IN21C-1702
Bridging the knowledge gap between Big Data producers and consumers

Tuesday, 15 December 2015
Poster Hall (Moscone South)
Grace S Peng and Steven J Worley, National Center for Atmospheric Research, CISL/DSS, Boulder, CO, United States
Abstract:
Most weather data is produced, disseminated and consumed by expert users in large national operational centers or laboratories. Data ‘ages’ off their systems in days or weeks. While archives exist, would-be users often lack the credentials necessary to obtain an account to access or search its contents. Moreover, operational centers and many national archives lack the mandate and the resources to serve non-expert users.

The National Center for Atmospheric Research (NCAR) Research Data Archive (RDA), rda.ucar.edu, was created over 40 years ago to collect data for NCAR’s internal Big Science projects such as the NCEP/NCAR Reanalysis Project. Over time, the data holdings have grown to 1.8+ Petabytes spanning 600+ datasets. The user base has also grown; in 2014, we served 1.1 Petabytes of data to over 11,000 unique users.

The RDA works with national centers, such as NCEP, ECMWF and JMA to make their data available to worldwide audiences and mutually support data access at the production source. We have become not just an open-access data center, but also a data education center.

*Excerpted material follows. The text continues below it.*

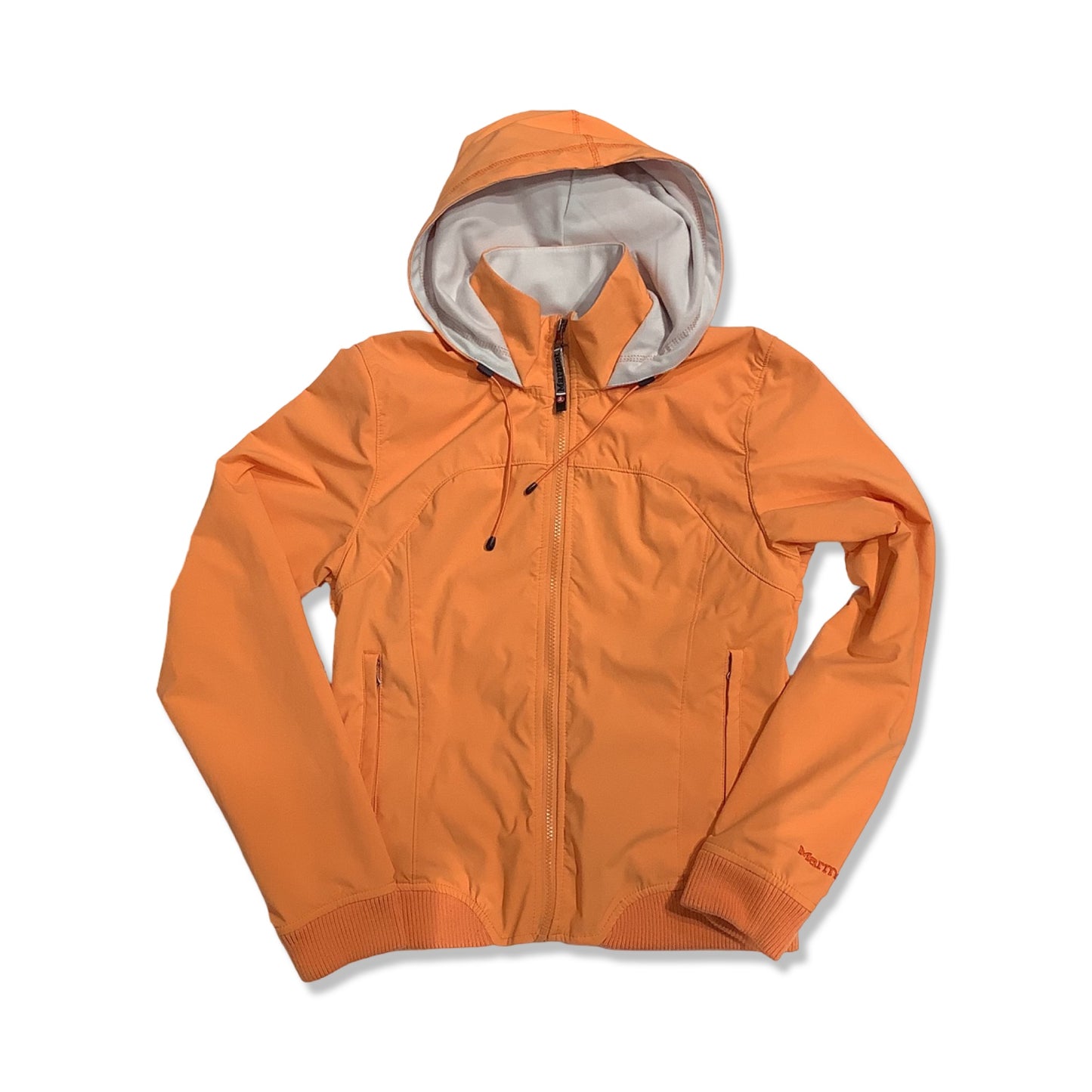 En lätt skaljacka från Marmot i modellen PreCip, i en klar grön färg. Jackan har en fast huva och hög krage samt hel dragkedja framtill. Den rena, smidiga konstruktionen gör den enkel att bära som ytterlager, och Marmot-logotypen syns diskret på bröstet.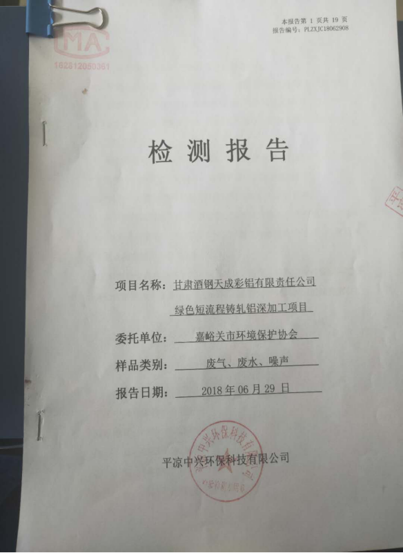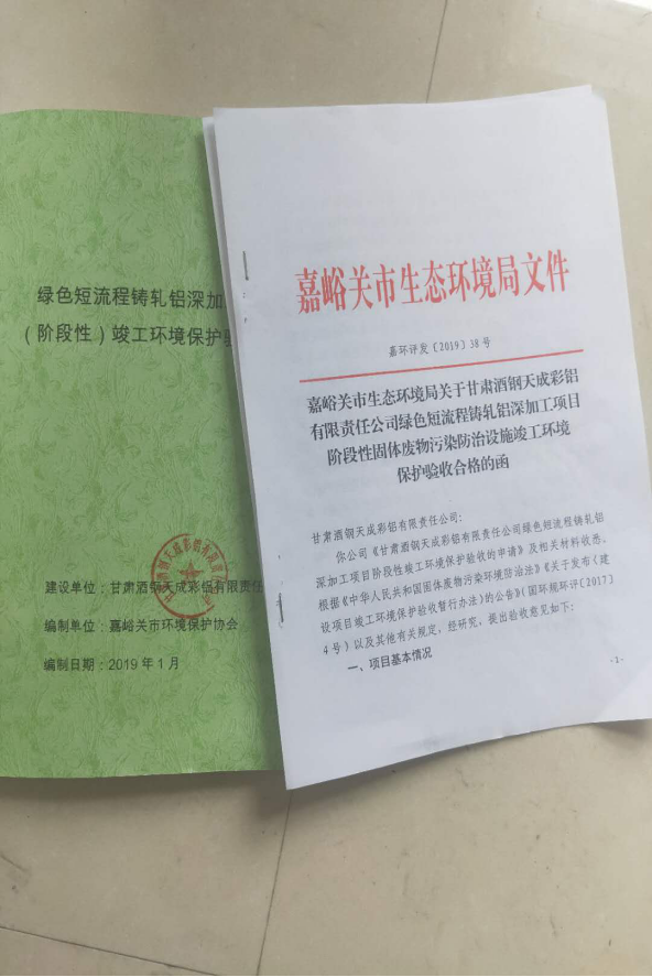 我公司環(huán)境影響報告書均通過省生態(tài)環(huán)境廳與市生態(tài)環(huán)境局審批,于2016年11月2日取得《嘉峪關市環(huán)境保護局關于酒鋼天成彩鋁有限責任公司綠色短流程鑄軋鋁深加工項目環(huán)境影響報告書的批復》嘉環(huán)評【2016】132號。并在2019年3月4日通過環(huán)保建設項目“三同時”(階段性)驗收,并取得環(huán)境保護驗收合格函。

Each dataset archived at the RDA is assigned to a data specialist (DS) who curates the data. If a user has a question not answered in the dataset information web pages prepared by the DS, they can call or email a skilled DS for further clarification. The RDA’s diverse staff—with academic training in meteorology, oceanography, engineering (electrical, civil, ocean and database), mathematics, physics, chemistry and information science—means we likely have someone who “speaks your language.”

Erroneous data assumptions are the Achilles heel of Big Data. It doesn’t matter how much data you crunch if the data is not what you think it is. Data discovery is another difficult Big Data problem; one can only solve problems with data if one can find the right data. Metadata, both machine and human-generated, underpin the RDA data search tools.

The RDA has stepped in to fill the gap between data producers and users.